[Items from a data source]
<<<<

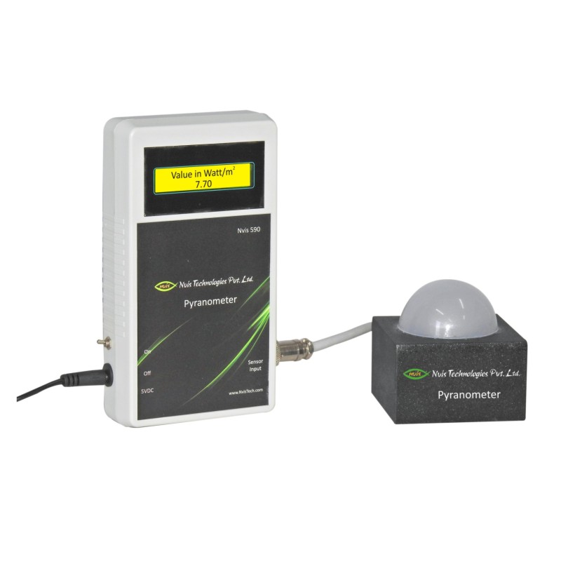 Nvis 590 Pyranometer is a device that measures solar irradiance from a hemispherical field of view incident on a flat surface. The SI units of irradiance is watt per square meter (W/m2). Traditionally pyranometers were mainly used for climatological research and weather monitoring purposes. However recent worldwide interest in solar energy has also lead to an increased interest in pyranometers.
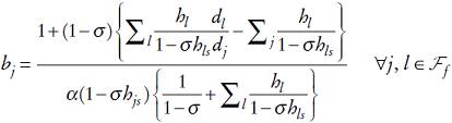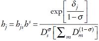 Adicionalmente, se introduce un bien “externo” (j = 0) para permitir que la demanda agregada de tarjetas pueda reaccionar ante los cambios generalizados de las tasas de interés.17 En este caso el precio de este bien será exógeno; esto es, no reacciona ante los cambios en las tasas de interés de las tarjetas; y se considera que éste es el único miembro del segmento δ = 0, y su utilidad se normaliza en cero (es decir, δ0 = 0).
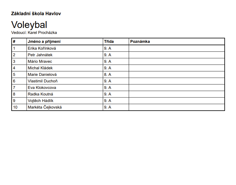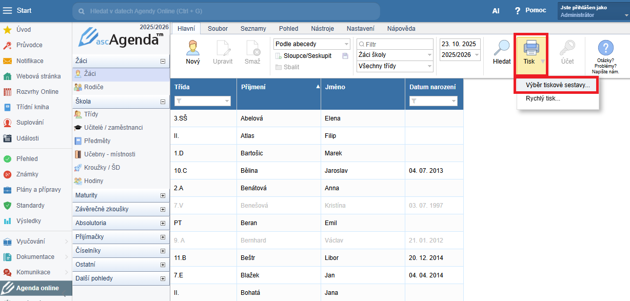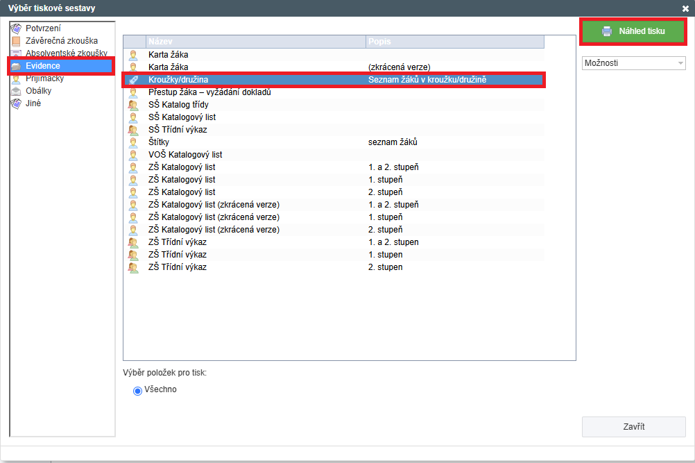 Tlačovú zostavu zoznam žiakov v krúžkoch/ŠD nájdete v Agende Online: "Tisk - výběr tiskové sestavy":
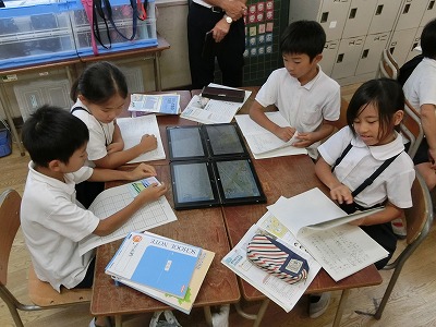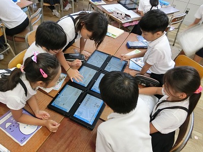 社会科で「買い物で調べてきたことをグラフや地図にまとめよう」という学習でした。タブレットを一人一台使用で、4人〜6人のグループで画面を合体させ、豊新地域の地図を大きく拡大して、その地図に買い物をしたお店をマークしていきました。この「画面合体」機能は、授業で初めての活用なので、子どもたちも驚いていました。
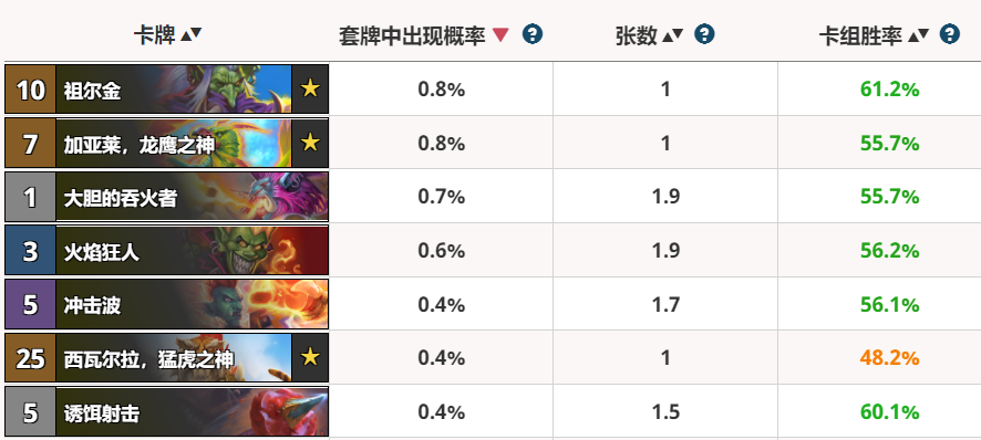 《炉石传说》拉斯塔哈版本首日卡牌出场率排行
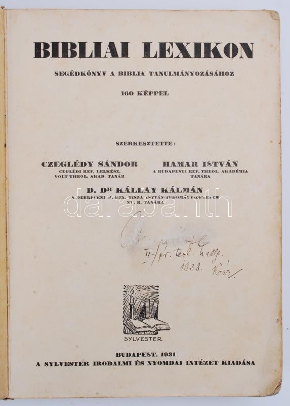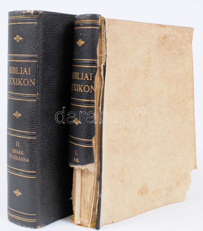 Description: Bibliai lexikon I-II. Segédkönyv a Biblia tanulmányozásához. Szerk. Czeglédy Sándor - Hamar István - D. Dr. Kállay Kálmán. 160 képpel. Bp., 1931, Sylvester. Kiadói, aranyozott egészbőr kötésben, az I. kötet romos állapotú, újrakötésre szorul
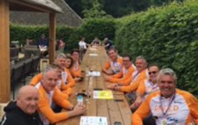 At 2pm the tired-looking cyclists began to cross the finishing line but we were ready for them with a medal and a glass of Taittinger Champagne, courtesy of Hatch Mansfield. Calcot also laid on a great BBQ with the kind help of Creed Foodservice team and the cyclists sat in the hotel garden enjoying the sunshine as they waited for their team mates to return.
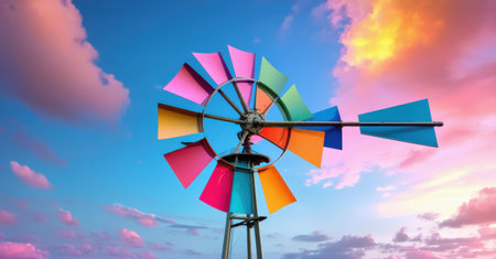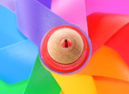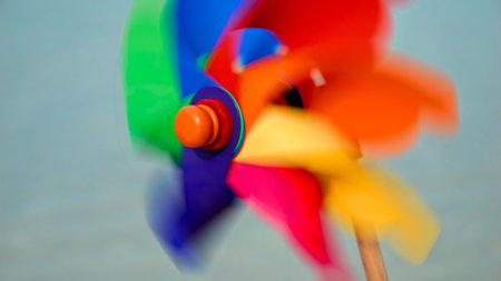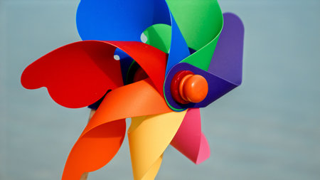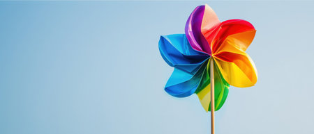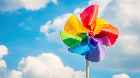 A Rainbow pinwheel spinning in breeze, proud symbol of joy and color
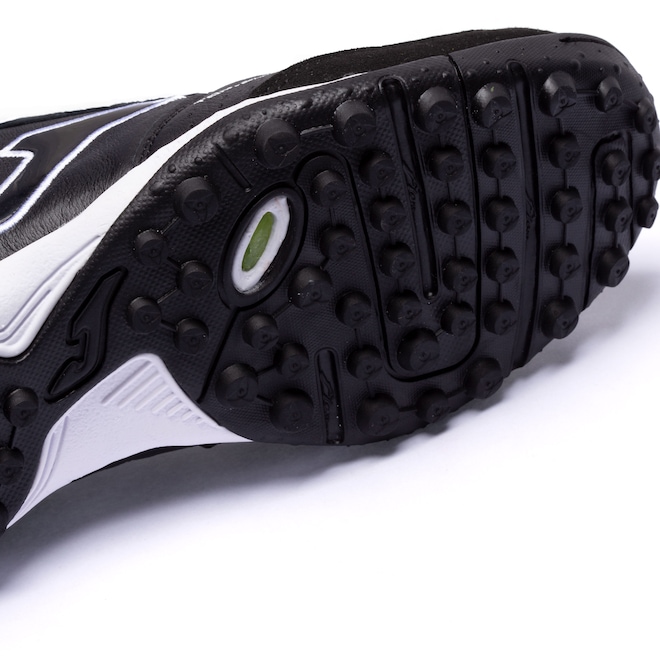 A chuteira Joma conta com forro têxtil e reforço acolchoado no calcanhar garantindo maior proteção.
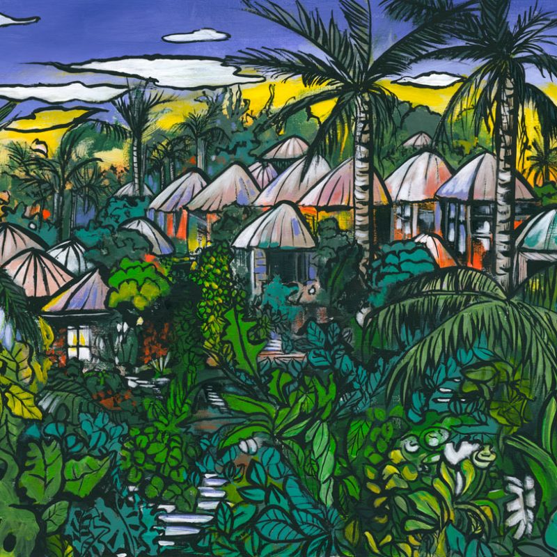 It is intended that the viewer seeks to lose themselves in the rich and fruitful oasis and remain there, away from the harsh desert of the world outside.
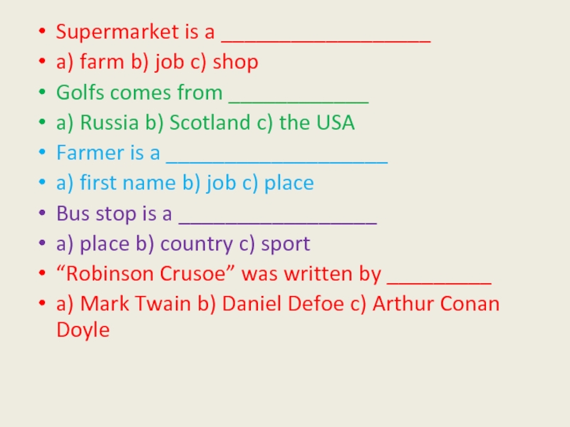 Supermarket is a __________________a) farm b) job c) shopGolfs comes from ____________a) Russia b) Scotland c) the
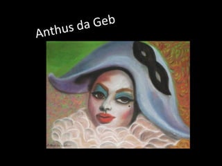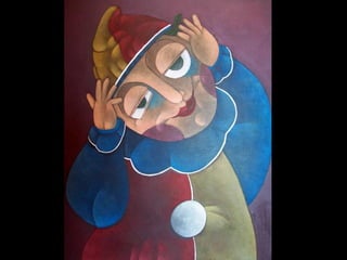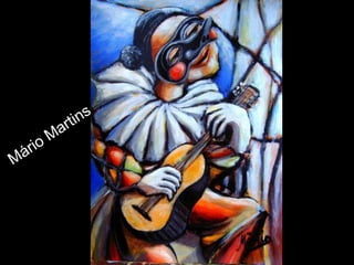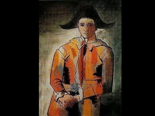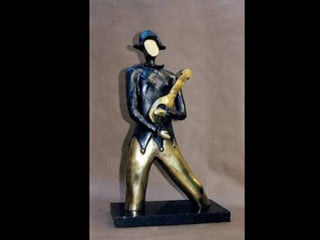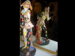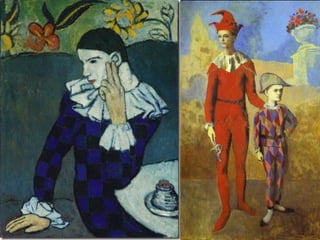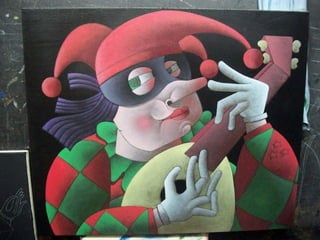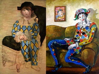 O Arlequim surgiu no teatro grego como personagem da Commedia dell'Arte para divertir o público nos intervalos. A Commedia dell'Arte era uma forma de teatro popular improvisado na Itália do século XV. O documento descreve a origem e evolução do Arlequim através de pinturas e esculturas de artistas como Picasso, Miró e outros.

>>>>

Task objective: The records above are to be restated exactly, without their pictures.

Exercise result:
 Nvis 590 Pyranometer is a device that measures solar irradiance from a hemispherical field of view incident on a flat surface. The SI units of irradiance is watt per square meter (W/m2). Traditionally pyranometers were mainly used for climatological research and weather monitoring purposes. However recent worldwide interest in solar energy has also lead to an increased interest in pyranometers.
 Adicionalmente, se introduce un bien “externo” (j = 0) para permitir que la demanda agregada de tarjetas pueda reaccionar ante los cambios generalizados de las tasas de interés.17 En este caso el precio de este bien será exógeno; esto es, no reacciona ante los cambios en las tasas de interés de las tarjetas; y se considera que éste es el único miembro del segmento δ = 0, y su utilidad se normaliza en cero (es decir, δ0 = 0).
 Tlačovú zostavu zoznam žiakov v krúžkoch/ŠD nájdete v Agende Online: "Tisk - výběr tiskové sestavy":
 社会科で「買い物で調べてきたことをグラフや地図にまとめよう」という学習でした。タブレットを一人一台使用で、4人〜6人のグループで画面を合体させ、豊新地域の地図を大きく拡大して、その地図に買い物をしたお店をマークしていきました。この「画面合体」機能は、授業で初めての活用なので、子どもたちも驚いていました。
 《炉石传说》拉斯塔哈版本首日卡牌出场率排行
 Description: Bibliai lexikon I-II. Segédkönyv a Biblia tanulmányozásához. Szerk. Czeglédy Sándor - Hamar István - D. Dr. Kállay Kálmán. 160 képpel. Bp., 1931, Sylvester. Kiadói, aranyozott egészbőr kötésben, az I. kötet romos állapotú, újrakötésre szorul
 At 2pm the tired-looking cyclists began to cross the finishing line but we were ready for them with a medal and a glass of Taittinger Champagne, courtesy of Hatch Mansfield. Calcot also laid on a great BBQ with the kind help of Creed Foodservice team and the cyclists sat in the hotel garden enjoying the sunshine as they waited for their team mates to return.
 A Rainbow pinwheel spinning in breeze, proud symbol of joy and color
 A chuteira Joma conta com forro têxtil e reforço acolchoado no calcanhar garantindo maior proteção.
 It is intended that the viewer seeks to lose themselves in the rich and fruitful oasis and remain there, away from the harsh desert of the world outside.
 Supermarket is a __________________a) farm b) job c) shopGolfs comes from ____________a) Russia b) Scotland c) the
 O Arlequim surgiu no teatro grego como personagem da Commedia dell'Arte para divertir o público nos intervalos. A Commedia dell'Arte era uma forma de teatro popular improvisado na Itália do século XV. O documento descreve a origem e evolução do Arlequim através de pinturas e esculturas de artistas como Picasso, Miró e outros.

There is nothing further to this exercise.